Throughout Virgin, Lorde refuses to let her persona stand untouched. The album title itself has nothing to do with sexual inexperience. Instead, it’s about exposing the tender interior that she’s been afraid to look at. The virgin territory here is her own deepest truth and self-discovery.
Nowhere is that clearer than on “Broken Glass,” a song that makes no attempt to romanticize her battles with disordered eating. “Mystique is dead, last year was bad,” she confesses. “I wanna punch the mirror to make her see that this won’t last.” There’s no metaphor to soften it. She’s admitting the love-hate dance she does with her own reflection. The track hits with a sleek, dancefloor sheen, which only makes the subject matter more gutting. Three years ago, Lorde spent the Melodrama era treating pain as a spectacle; now, she stares it straight in the face.

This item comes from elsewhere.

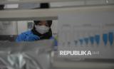 Petugas lab melakukan uji laboratorium beras premium di Balai Pengujian Mutu Produk Kementeriam Pertanian, Jakarta, Kamis (17/7/2025). Pengujian tersebut dilakukan untuk mengetahui kualitas beras preium dengan ketentuan mutu berdasarkan regulasi dari Kementerian Pertanian dan Badan Pangan Nasional. Pengujian tersebut meliputi pengecekan kadar air, derajat sosoh (tingkatpenggilingan), jumlah butir kepala, butir patah, menir, gabah, butir rusak, butir kapur, butir merah, serta benda asing. Hal tersebut dilakukan untuk memverifikasi temuan penyimpangan mutu dan label beras. (FOTO : Republika/Thoudy Badai)

Sexual agency is woven through the album, especially on “Current Affairs.” Over a stuttering beat, Lorde sings, “He spit in my mouth like he’s saying a prayer.” It’s a line that might have been delivered with swagger on Melodrama, but here it lands as a confession, a sign of how she’s exploring not just pleasure but the vulnerability that comes with giving up control. Later, she’s crying on the phone, insisting nothing’s wrong, caught between her desires and the echoes of her mother’s warnings. It’s one of the sharpest illustrations of how Lorde sings about sex as both freedom and peril.
Generational trauma haunts this record like a shadow. “Favourite Daughter” ties Lorde’s career directly to her mother’s dreams and the artist’s people-pleasing tendencies. “Cause I’m an actress, all of the medals I won for ya, panic attack just to be your favourite daughter,” she sings, stuck between resentment and love. The song builds on a clapping beat that keeps rising higher, as if trying to break through some invisible ceiling. After all, if you’re not dancing through your breakdowns, what are you doing? In the second verse, she remembers her mother’s brother who died of a broken heart. This isn’t just pop songwriting; it’s a daughter digging through the rubble of family history, hoping to find herself intact.

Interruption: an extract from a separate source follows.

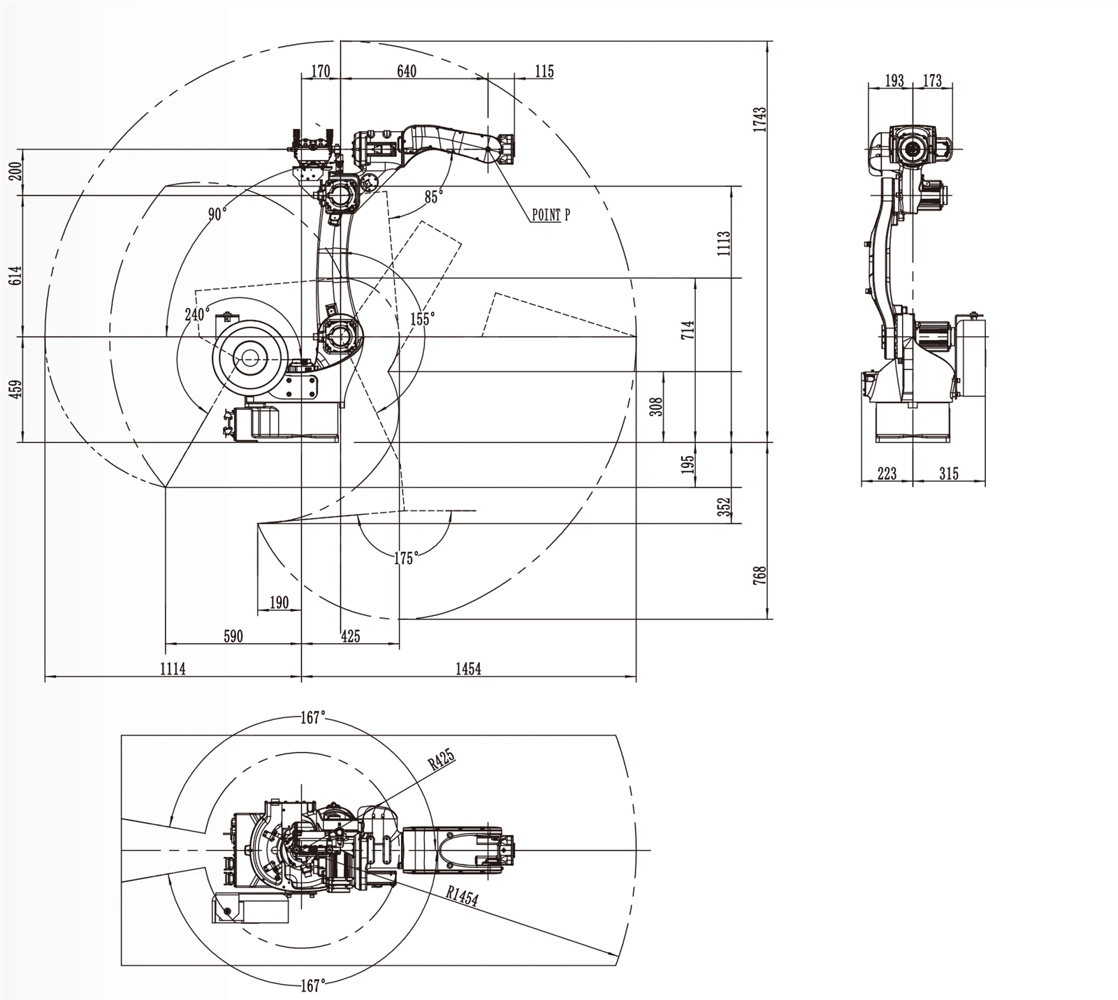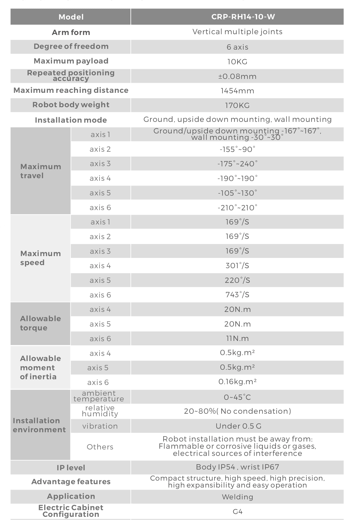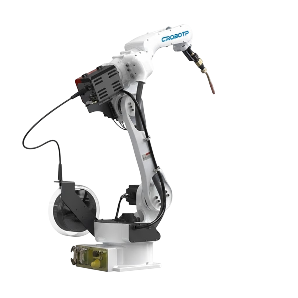 FUNCTIONAL FEATURES The arm span is nearly 1.8 meters. The design is highly compact and can be flexibly installed on the ground or upside down. With large working space, fast running speed and high repeated positioning accuracy, it is suitable for wide range of welding applications. The safety emergency stop board independent of the control system is equipped with, and the safety relay circuit is adopted to provide double-circuit emergency stop to ensure the reliability of emergency stop. The robot body adopts highly flexible special cable. Built-in three-phase transformer makes 380V and 220V isolated to help the power supply more stable. Built-in three-phase filter can effectively improve the performance of EMC and EMI. The robot body is with dual-circuit gas pipe to meet the welding demand. The inner diameter of 6-axis middle hole is 44mm, it can meet the installation requirements of water-cooling torch and bellows torch. Highly flexible welding cable is built-in.

Gender fluidity swirls and blurs through “Hammer,” where Lorde declares, “Some days I’m a woman, some days I’m a man.” It’s a blunt, almost casual revelation dropped in the middle of a verse about piercings and auras. On “Man of the Year,” she binds her chest, rides city streets on her bike, and sings of rebirth. The production stays sparse and skeletal, leaving the weight of revelation on her voice alone.
At times, though, minimalism feels like a missed opportunity. There’s so much space in these songs, and sometimes it feels less like artistic restraint and more like unfinished construction. The music occasionally underserves the intensity of Lorde’s lyrics. Yet the flipside is that there’s a thrilling intimacy to how exposed she sounds. That simplicity becomes the point.
Lorde’s voice remains her sharpest weapon. On “Clearblue,” she sings of pregnancy tests and bloodlines passed from mother to daughter, riding a lover until she cries, her vocals layered, feeling ancient and modern at once.
By the time Virgin reaches “David,” she’s singing, “I don’t belong to anyone.” It’s a line that lands like both a goodbye and a beginning. Virgin is Lorde’s clean slate, a rebirth and a record that doesn’t pretend to be pure, but keeps it real.
And if the sound sometimes leaves space empty, it’s only because she’s still deciding what kind of person will fill it next. This is a new Lorde, and by hearing her sing, we get to see a glimpse of her.